The General Data Protection Regulation (GDPR) was adopted by the European Parliament in April 2016. These new provisions apply set out a baseline set of standards for companies that handle EU citizens’ data to better safeguard the processing and movement of citizens’ personal data across borders.
The GDPR will apply to all EU member states and to organisations outside the union when processing the data of citizens from within the EU, so there is a good chance it applies to your organisation aswell.

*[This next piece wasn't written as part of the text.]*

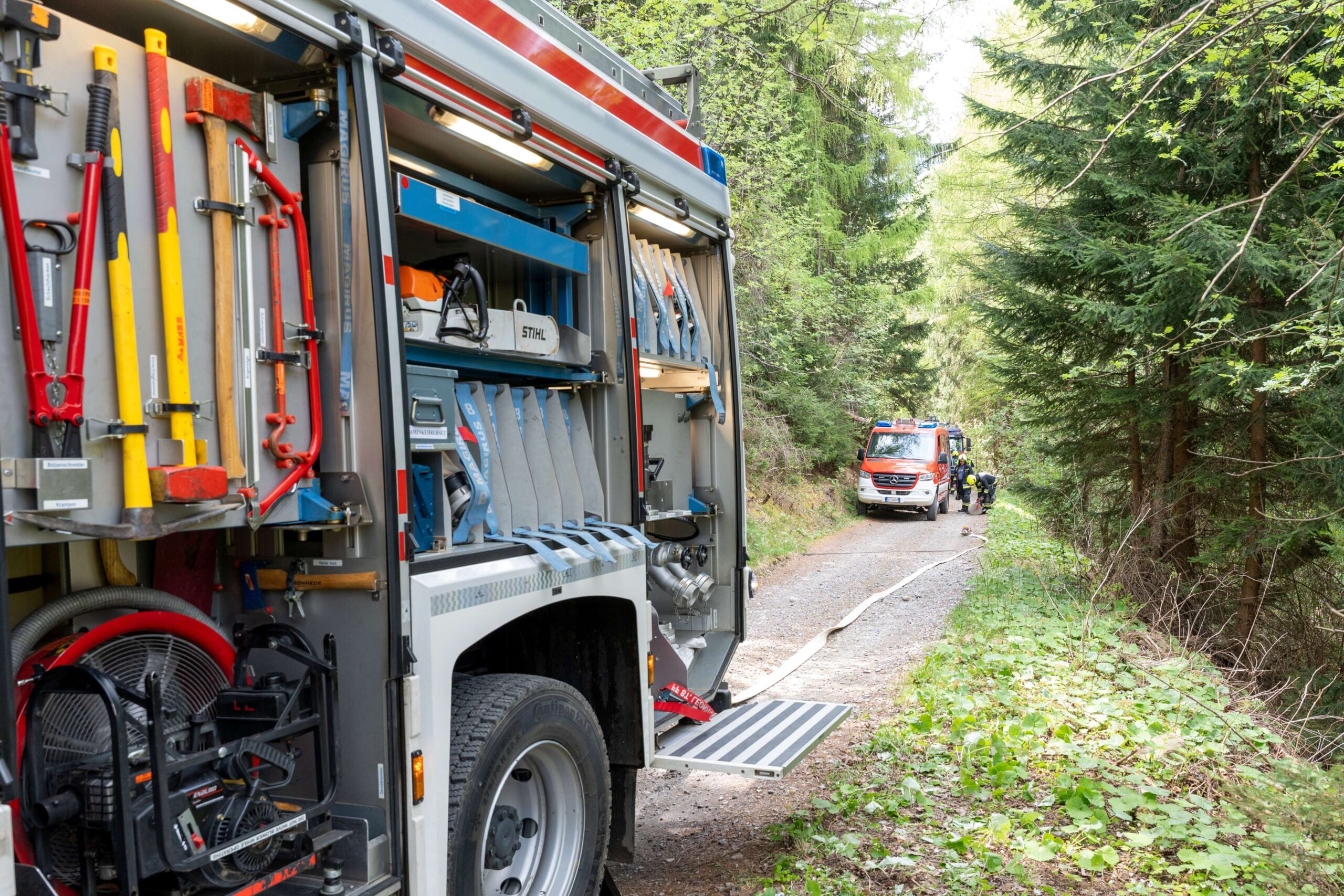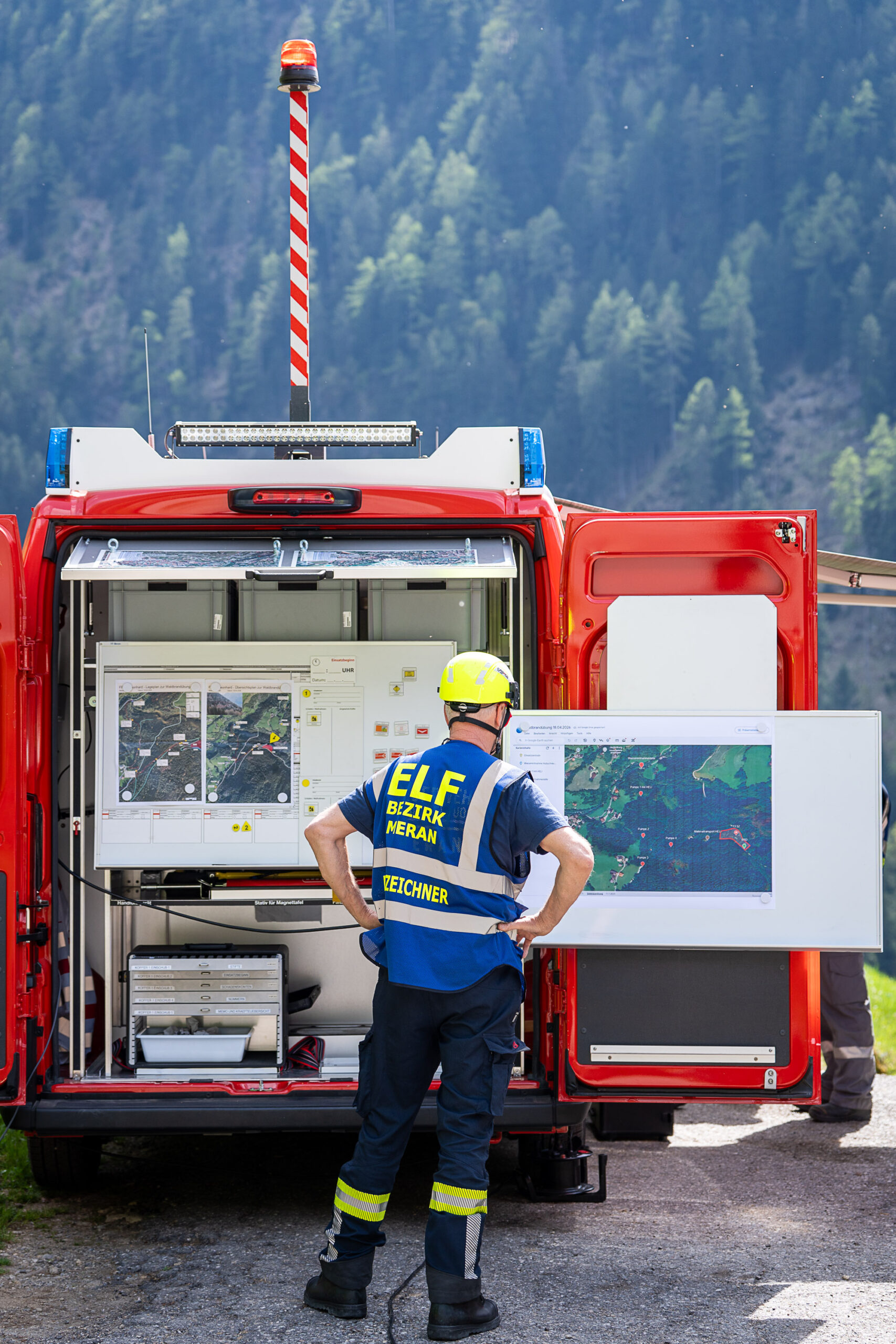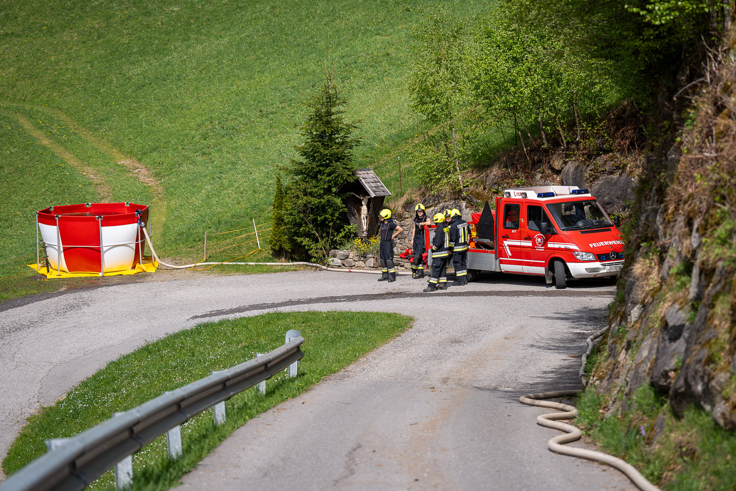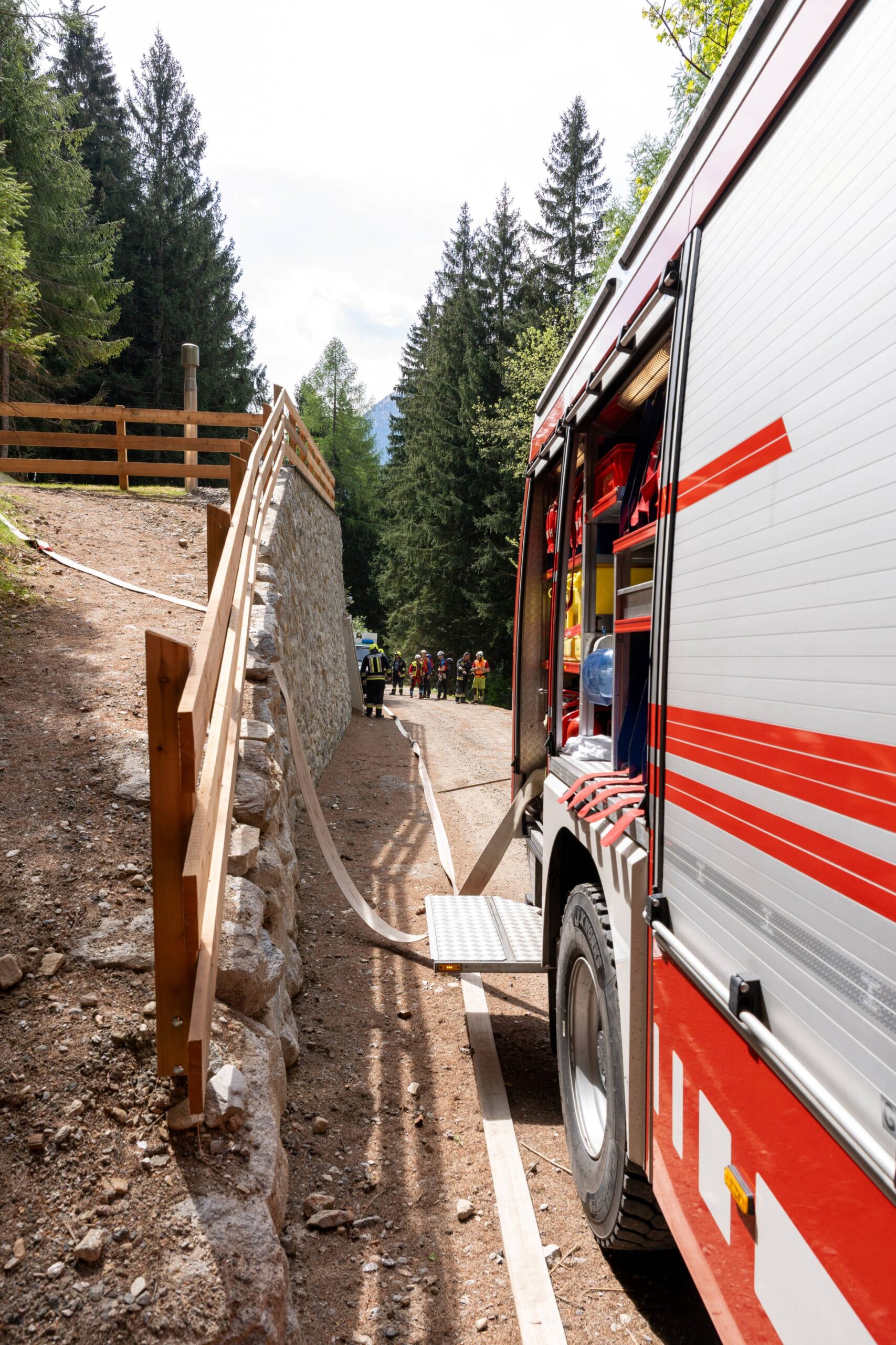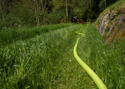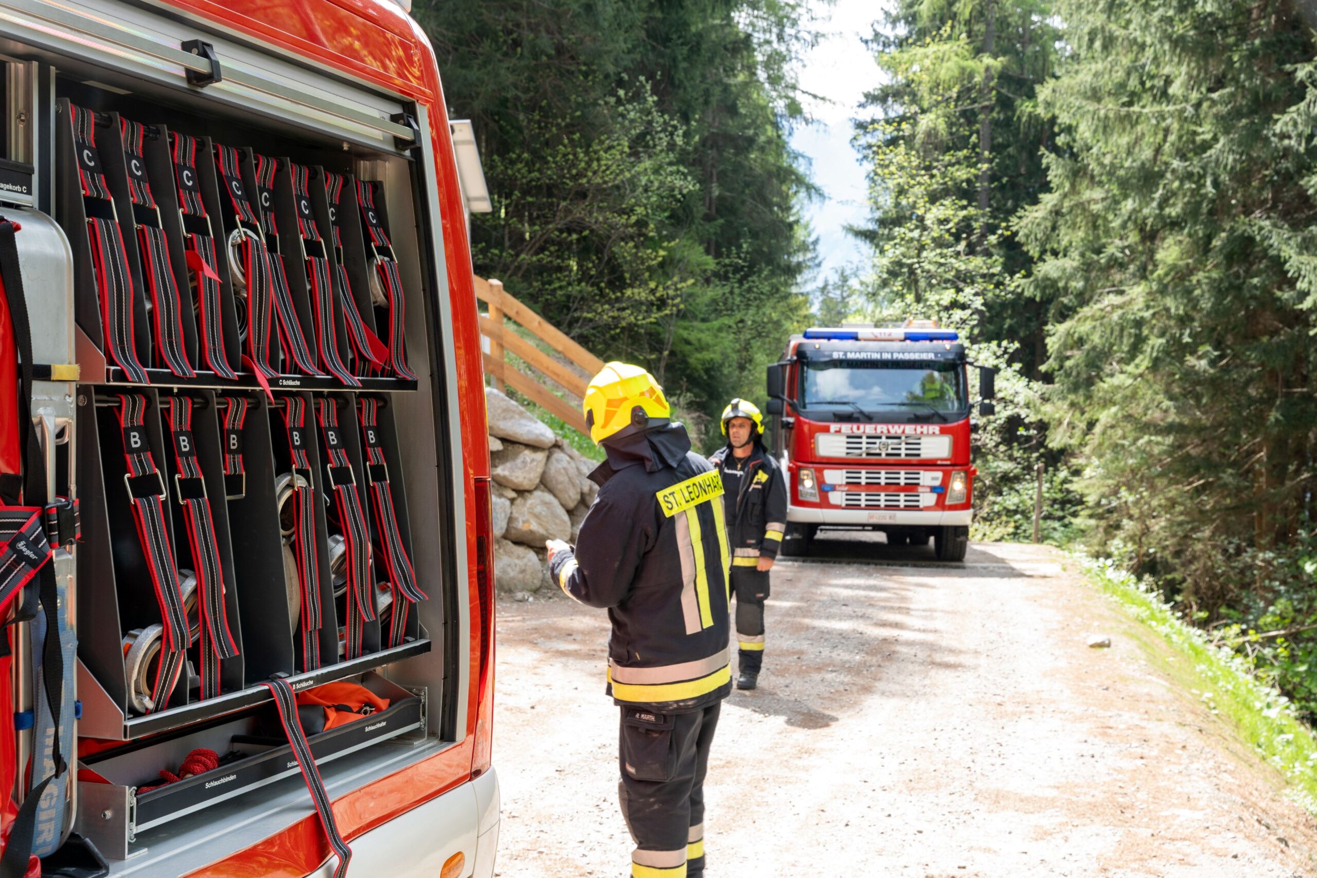 Heuer durfte die FF St. Leonhard eine Waldbrandübung mit einem Löschhubschrauber organisieren. Angenommen wurde ein Waldbrand beim Eingang in das Pfistradtal. Beim sogenannten „Schintleregg“ waren ca. 6.000 m² Waldgebiet in Brand geraten. Gemeinsam mit der FF St. Martin wurden die ersten Löschmaßnahmen eingeleitet, um die weitere Ausbreitung des Brandes zu verhindern. Um Löschwasser aus dem Trinkwassernetz zu sparen, wurde der Aufbau einer Versorgungsleitung veranlasst. Dabei wurde Wasser aus dem Pfistrad-Bach über 180 Höhenmeter und über 1.200 m Schlauchleitung zum Brandobjekt befördert. Diese Aufgabe übernahmen die Kameraden der FF Moos, Rabenstein, Platt und Walten. Insgesamt waren 5 Tragkraftpumpen im Einsatz. Unterstützung bekamen wir auch aus der Luft. Dank eines Hubschraubers konnte sich die Einsatzleitung, bestehend aus Vertretern der Forstbehörde, des FF-Bezirks Meran und der FF St. Leonhard, einen Überblick über das Ausmaß der Schadenslage verschaffen. Im Anschluss wurde der Helikopter genutzt, um erforderliche Transportflüge durchzuführen. Nachdem unser Löschbecken unterhalb des Winnebacher Hofes aufgestellt war, holte sich der Löschhubschrauber dort das Wasser, um es punktgenau abzuwerfen. Mit im Einsatz war auch die Bergrettung St. Leonhard und die FF Meran. In einem sehr abschüssigen Teilbereich wurden Feuerwehrleute sicher abgeseilt, um Glutnester gezielt ablöschen zu können. Die FF Meran hingegen lieferte Flächenregner an, mit welchen entlang eines Forstweges ein Überspringen des Feuers verhindert werden konnte. Die Einsatzleitung wurde beim gegenüberliegenden Spitaler Hof positioniert. Gemeinsam mit dem ELF Meran, Vertretern der Forst und des Feuerwehrbezirks Meran, Bürgermeister Robert Tschöll, den Einsatzleitern der FF St. Leonhard und unserer Drohne gelang es, die verschiedenen Informationen zu bündeln und die erforderlichen Schritte einzuleiten. Insgesamt waren 110 Einsatzkräfte mit 20 Fahrzeugen an der Übung beteiligt. Die FF-Jugend St. Leonhard nahm die Großübung zum Anlass um sich Vorort ein Bild zu machen. Fotografisch festgehalten wurde die Übung von Simone Peist, Roman Schenk und Walter Haller. Abschließend möchten wir uns bei den Grundeigentümern und allen, die zum guten Gelingen der Übung beigetragen haben, recht herzlich bedanken.

The key requirements laid out by the GDPR include
Anonymising collected data to protect privacy
Providing data breach notifications
Requiring the consent of subjects for data processing
Safely handling the transfer of data across borders
Requiring certain companies to appoint a data protection officer to oversee GDPR compliance
Organisations preparing for GDPR will find that their process needs to change. In companies where the IT department is still largely independent of other departments, it will now need to integrate and collaborate closer with other departments to ensure the security of shared data and compliance.
Organisations whose IT departments currently communicate with other the departments will need to continue in order to comply with new legislation.
It is recommended that organisations start by prioritising actions to prepare for the impending requirements start by:
Don’t wait until it’s too late
GDPR legislation due to be implemented in 2018 will be far-reaching consequences especially for IT departments. In order to properly prepare for this, your budget will need to include the costs of those tools which will be needed to achieve compliance.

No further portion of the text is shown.